Segment Start: Exercise materials

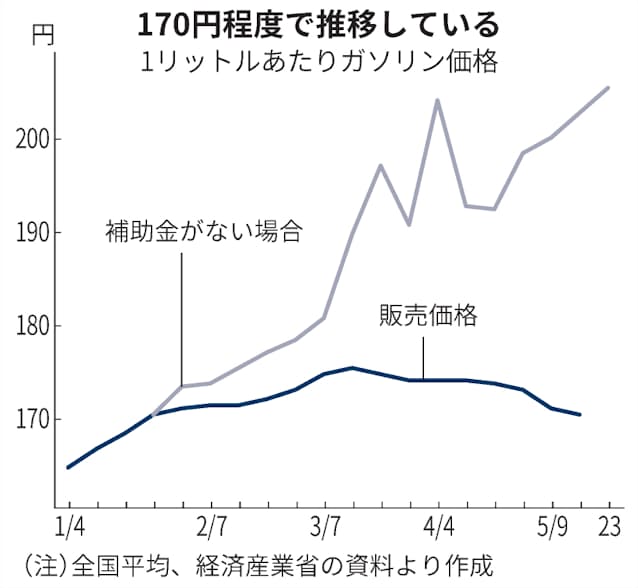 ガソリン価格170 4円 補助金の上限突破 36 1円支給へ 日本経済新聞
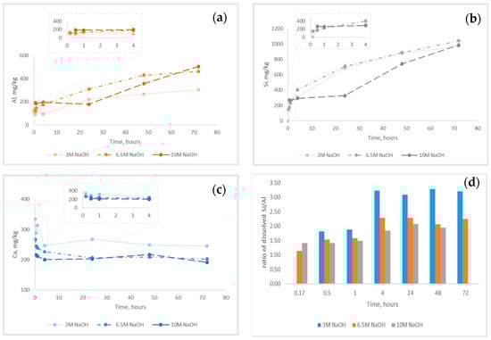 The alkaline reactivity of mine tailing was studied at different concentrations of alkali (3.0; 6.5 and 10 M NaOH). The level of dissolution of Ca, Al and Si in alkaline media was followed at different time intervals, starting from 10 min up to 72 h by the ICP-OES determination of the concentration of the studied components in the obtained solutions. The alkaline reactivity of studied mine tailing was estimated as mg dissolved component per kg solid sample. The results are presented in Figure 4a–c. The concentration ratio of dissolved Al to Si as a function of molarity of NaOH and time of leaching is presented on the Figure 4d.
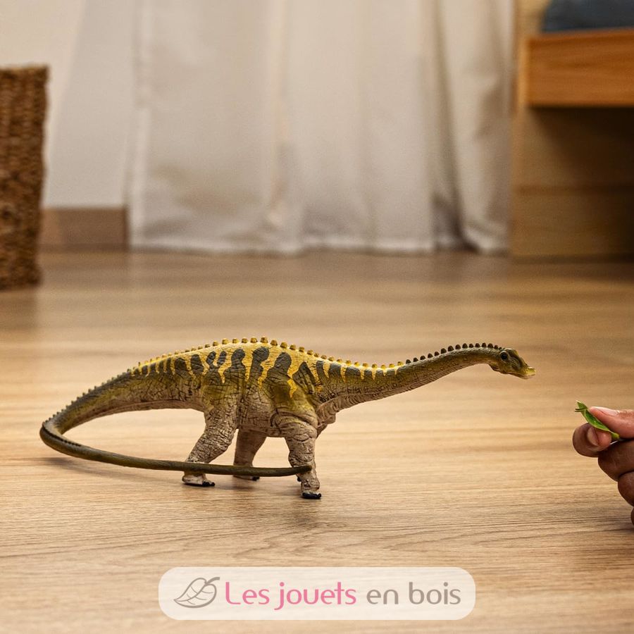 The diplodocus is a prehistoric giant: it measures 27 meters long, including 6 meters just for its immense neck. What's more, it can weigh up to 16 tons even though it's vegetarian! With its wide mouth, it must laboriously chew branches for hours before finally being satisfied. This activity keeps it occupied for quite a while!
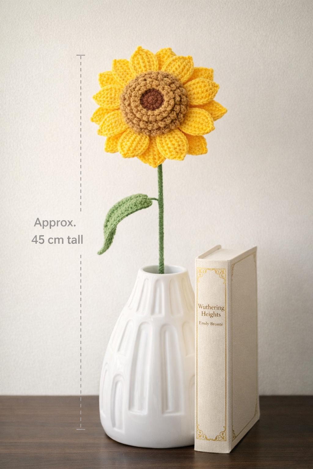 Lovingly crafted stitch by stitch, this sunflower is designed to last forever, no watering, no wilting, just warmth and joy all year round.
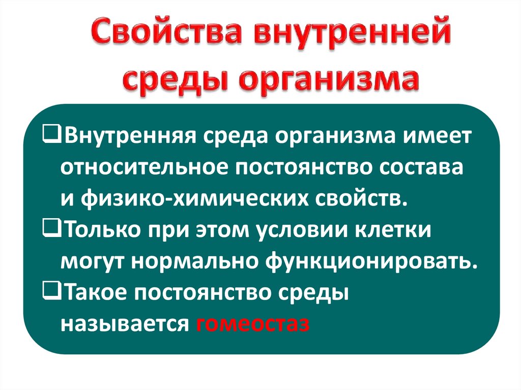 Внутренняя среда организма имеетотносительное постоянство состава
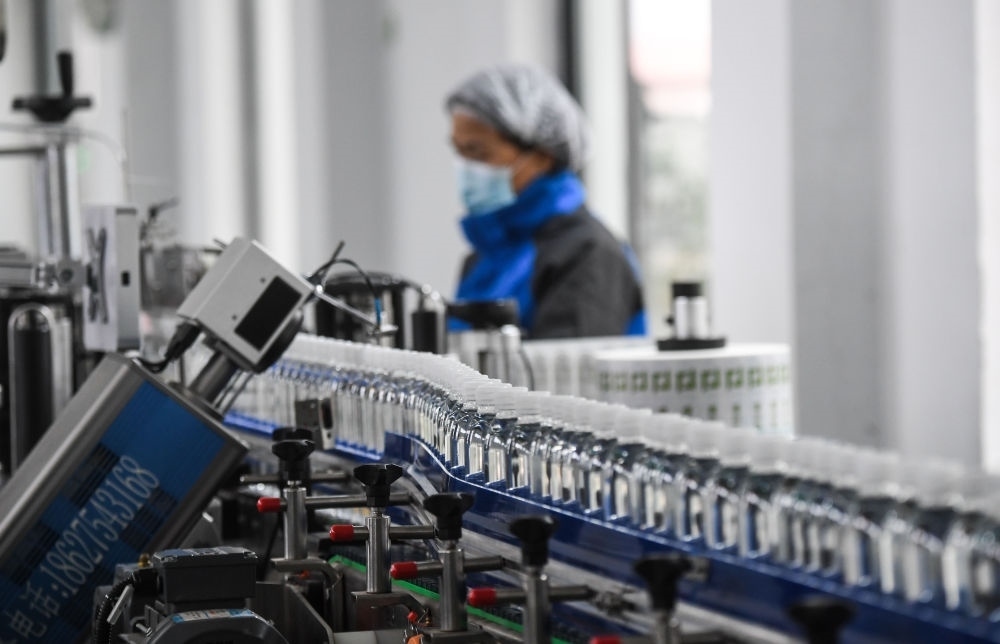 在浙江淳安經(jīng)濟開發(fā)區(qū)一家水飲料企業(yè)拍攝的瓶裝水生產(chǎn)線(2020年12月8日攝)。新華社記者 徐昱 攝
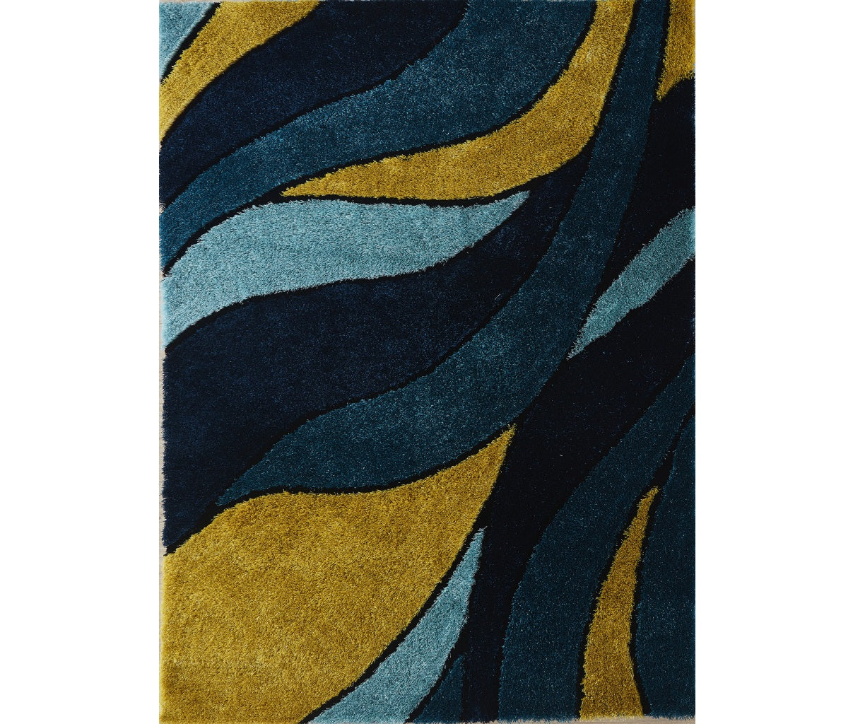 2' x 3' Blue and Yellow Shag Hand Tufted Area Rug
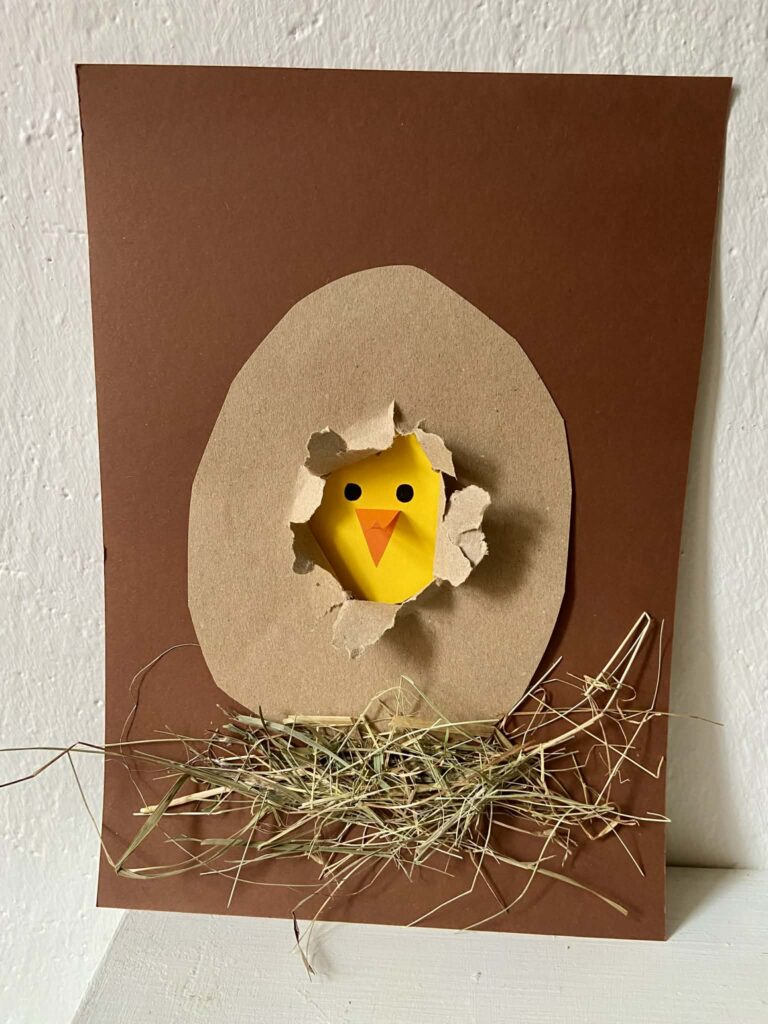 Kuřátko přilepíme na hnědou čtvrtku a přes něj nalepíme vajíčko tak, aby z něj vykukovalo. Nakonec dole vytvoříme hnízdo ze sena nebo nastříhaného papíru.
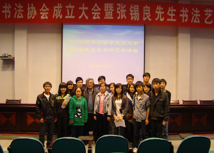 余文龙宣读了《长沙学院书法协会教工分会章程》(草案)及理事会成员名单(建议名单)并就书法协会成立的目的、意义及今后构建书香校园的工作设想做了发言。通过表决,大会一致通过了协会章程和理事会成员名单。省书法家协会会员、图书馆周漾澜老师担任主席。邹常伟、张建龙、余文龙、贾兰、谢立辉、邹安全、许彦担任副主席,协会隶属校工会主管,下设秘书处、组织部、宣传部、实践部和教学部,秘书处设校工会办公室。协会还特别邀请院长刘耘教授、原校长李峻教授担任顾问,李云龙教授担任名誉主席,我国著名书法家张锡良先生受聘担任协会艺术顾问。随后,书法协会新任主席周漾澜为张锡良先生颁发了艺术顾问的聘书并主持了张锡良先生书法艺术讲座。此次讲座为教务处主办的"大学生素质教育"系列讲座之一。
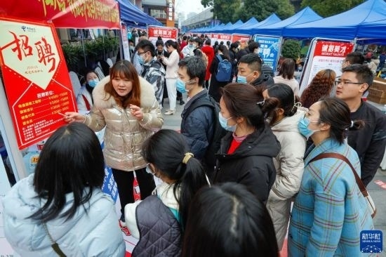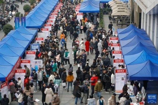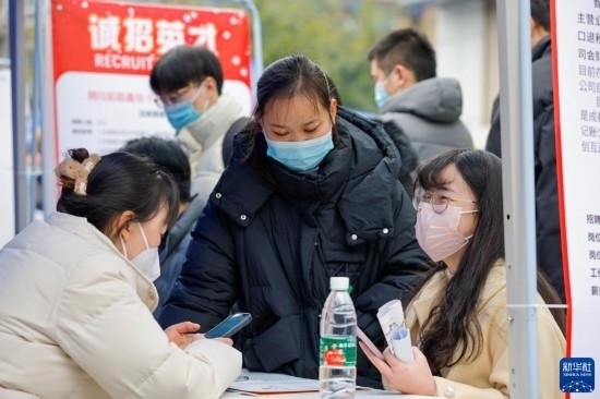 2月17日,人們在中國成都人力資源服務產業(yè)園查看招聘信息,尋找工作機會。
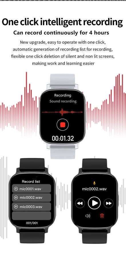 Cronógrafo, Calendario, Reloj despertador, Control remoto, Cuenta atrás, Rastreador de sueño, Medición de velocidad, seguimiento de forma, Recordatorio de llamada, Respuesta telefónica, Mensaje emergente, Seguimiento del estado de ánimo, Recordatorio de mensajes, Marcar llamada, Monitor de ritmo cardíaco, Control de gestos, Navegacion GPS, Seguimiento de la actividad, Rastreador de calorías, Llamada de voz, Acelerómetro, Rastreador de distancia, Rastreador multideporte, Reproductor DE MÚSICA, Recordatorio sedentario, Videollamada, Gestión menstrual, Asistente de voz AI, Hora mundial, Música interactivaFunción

Segment End: Exercise materials

§ What is needed
Apart from the pictures, every line above must be printed exactly.

§ Expected output
 ガソリン価格170 4円 補助金の上限突破 36 1円支給へ 日本経済新聞
 The alkaline reactivity of mine tailing was studied at different concentrations of alkali (3.0; 6.5 and 10 M NaOH). The level of dissolution of Ca, Al and Si in alkaline media was followed at different time intervals, starting from 10 min up to 72 h by the ICP-OES determination of the concentration of the studied components in the obtained solutions. The alkaline reactivity of studied mine tailing was estimated as mg dissolved component per kg solid sample. The results are presented in Figure 4a–c. The concentration ratio of dissolved Al to Si as a function of molarity of NaOH and time of leaching is presented on the Figure 4d.
 The diplodocus is a prehistoric giant: it measures 27 meters long, including 6 meters just for its immense neck. What's more, it can weigh up to 16 tons even though it's vegetarian! With its wide mouth, it must laboriously chew branches for hours before finally being satisfied. This activity keeps it occupied for quite a while!
 Lovingly crafted stitch by stitch, this sunflower is designed to last forever, no watering, no wilting, just warmth and joy all year round.
 Внутренняя среда организма имеетотносительное постоянство состава
 在浙江淳安經(jīng)濟開發(fā)區(qū)一家水飲料企業(yè)拍攝的瓶裝水生產(chǎn)線(2020年12月8日攝)。新華社記者 徐昱 攝
 2' x 3' Blue and Yellow Shag Hand Tufted Area Rug
 Kuřátko přilepíme na hnědou čtvrtku a přes něj nalepíme vajíčko tak, aby z něj vykukovalo. Nakonec dole vytvoříme hnízdo ze sena nebo nastříhaného papíru.
 余文龙宣读了《长沙学院书法协会教工分会章程》(草案)及理事会成员名单(建议名单)并就书法协会成立的目的、意义及今后构建书香校园的工作设想做了发言。通过表决,大会一致通过了协会章程和理事会成员名单。省书法家协会会员、图书馆周漾澜老师担任主席。邹常伟、张建龙、余文龙、贾兰、谢立辉、邹安全、许彦担任副主席,协会隶属校工会主管,下设秘书处、组织部、宣传部、实践部和教学部,秘书处设校工会办公室。协会还特别邀请院长刘耘教授、原校长李峻教授担任顾问,李云龙教授担任名誉主席,我国著名书法家张锡良先生受聘担任协会艺术顾问。随后,书法协会新任主席周漾澜为张锡良先生颁发了艺术顾问的聘书并主持了张锡良先生书法艺术讲座。此次讲座为教务处主办的"大学生素质教育"系列讲座之一。
 2月17日,人們在中國成都人力資源服務產業(yè)園查看招聘信息,尋找工作機會。
 Cronógrafo, Calendario, Reloj despertador, Control remoto, Cuenta atrás, Rastreador de sueño, Medición de velocidad, seguimiento de forma, Recordatorio de llamada, Respuesta telefónica, Mensaje emergente, Seguimiento del estado de ánimo, Recordatorio de mensajes, Marcar llamada, Monitor de ritmo cardíaco, Control de gestos, Navegacion GPS, Seguimiento de la actividad, Rastreador de calorías, Llamada de voz, Acelerómetro, Rastreador de distancia, Rastreador multideporte, Reproductor DE MÚSICA, Recordatorio sedentario, Videollamada, Gestión menstrual, Asistente de voz AI, Hora mundial, Música interactivaFunción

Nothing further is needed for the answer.